From “Embodiment’s Grace”: “While there are many ways to interpret the markers of “progress” over the last millennium, one fairly steady line stretching east along the x axis is the gradual displacement of bodies. Sure, we still feel a need to sustain our corporeal forms the way one would care for a machine—keeping them fed, giving them the necessary rest and exercise. But those at the steering wheel of our global drive toward economic and technological advancement seem to have assumed that the human body is ancillary to the real goals at hand.

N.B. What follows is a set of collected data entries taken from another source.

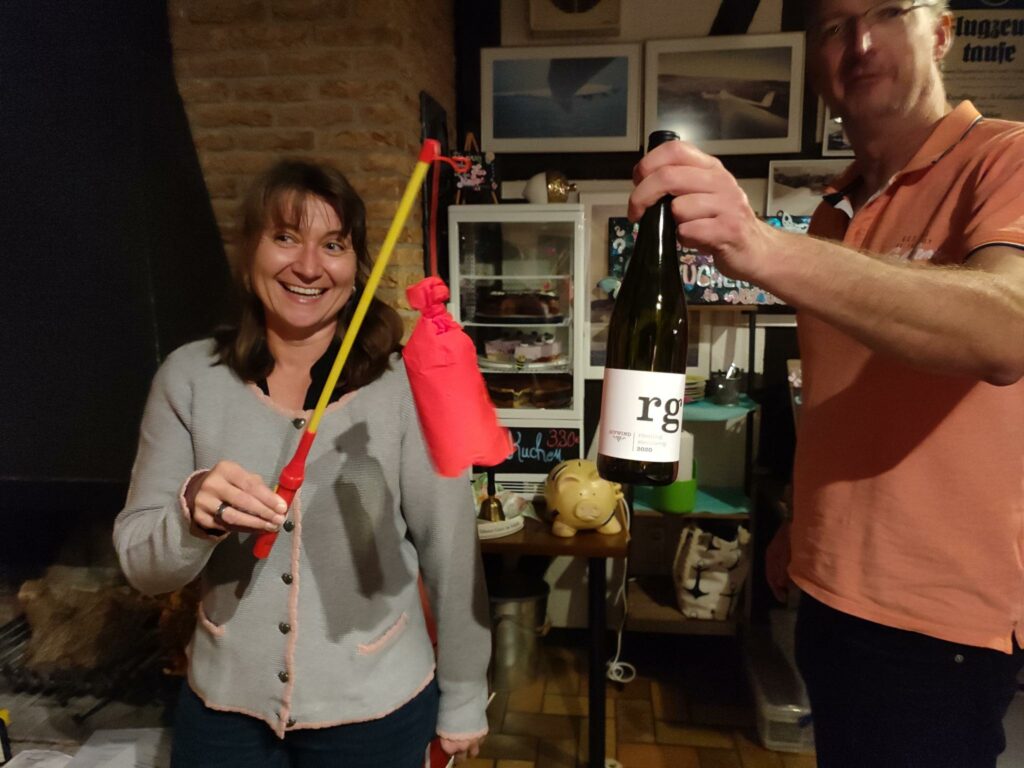 Uli der Champion des Jahres 2022 hatte sich für die konkurrierenden Fliegerfreunde eine besondere, zusätzliche Überraschung einfallen lassen. Damit es ihnen in der kommenden Saison nie am „Aufwind“ im richtigen Moment mangeln würde überreichte er Ihnen einen edlen Tropfen mit selbigen Namen. Nach dem Genuss einer solchen Flasche Wein vor Saisonbeginn 2023 kann eigentlich nichts mehr schief gehen.
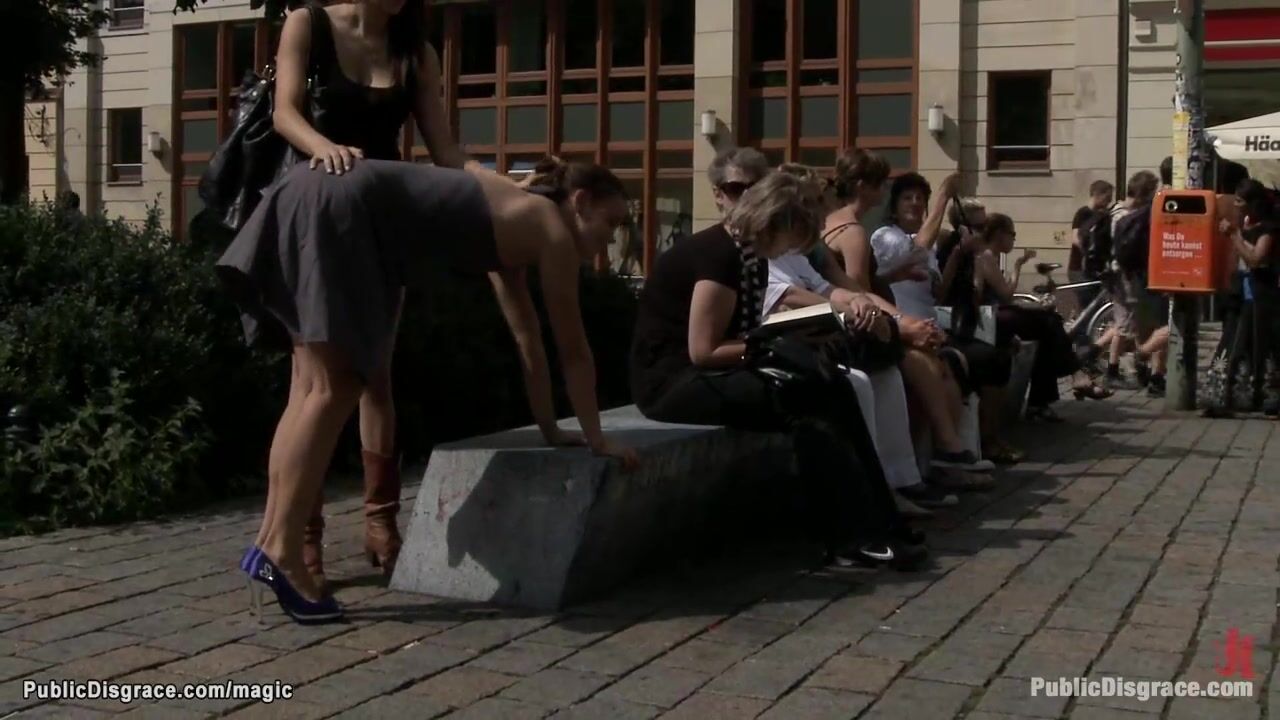 Hot MILF lezdom Princess Donna Dolore exposes and spanks German babe Black Lady then with big cock Tommy Pistol fucks her outdoors in public
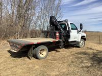 diesel engine, Allison auto transmission, 8,000 lb frt axle, 13,500 rear axle, A/C radio, 19.5" rubber trailer towing package, deck, hidden 5th wheel, Hiab 077/CLX picker, with Gardner Denver hydraulic system, all operators manuals, Alberta registered, copy of registration on hand
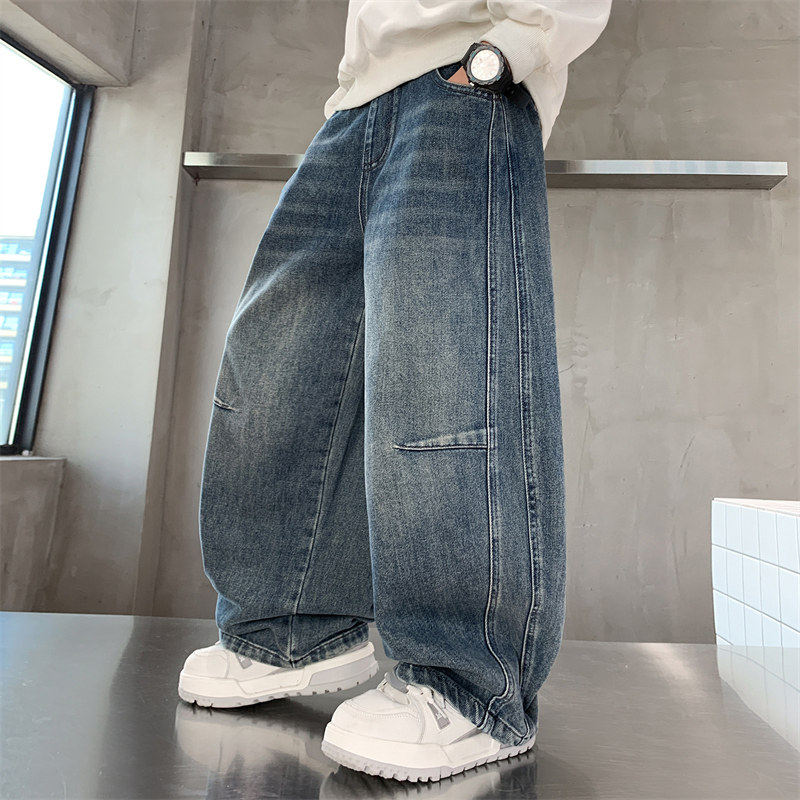 男童裤子春秋款2026新款加绒加厚牛仔长裤阔腿中大儿童冬装弯刀裤

The very container for our creatureliness is the latest casualty in Tolkien’s long defeat.”
Lord God Almighty,
shaper and ruler of all creatures,
we pray for your great mercy,
that you guide us towards you,
for we cannot find our way.
And guide us to your will, to the need of our soul,
for we cannot do it ourselves.
And make our mind steadfast in your will
and aware of our soul’s need.
Strengthen us against the temptations of the devil,
and remove from us all lust and every unrighteousness,
and shield us against our foes, seen and unseen.
Teach us to do your will,
that we may inwardly love you before all things with a pure mind.
For you are our maker and our redeemer,
our help, our comfort, our trust, our hope;
praise and glory be to you now and forever.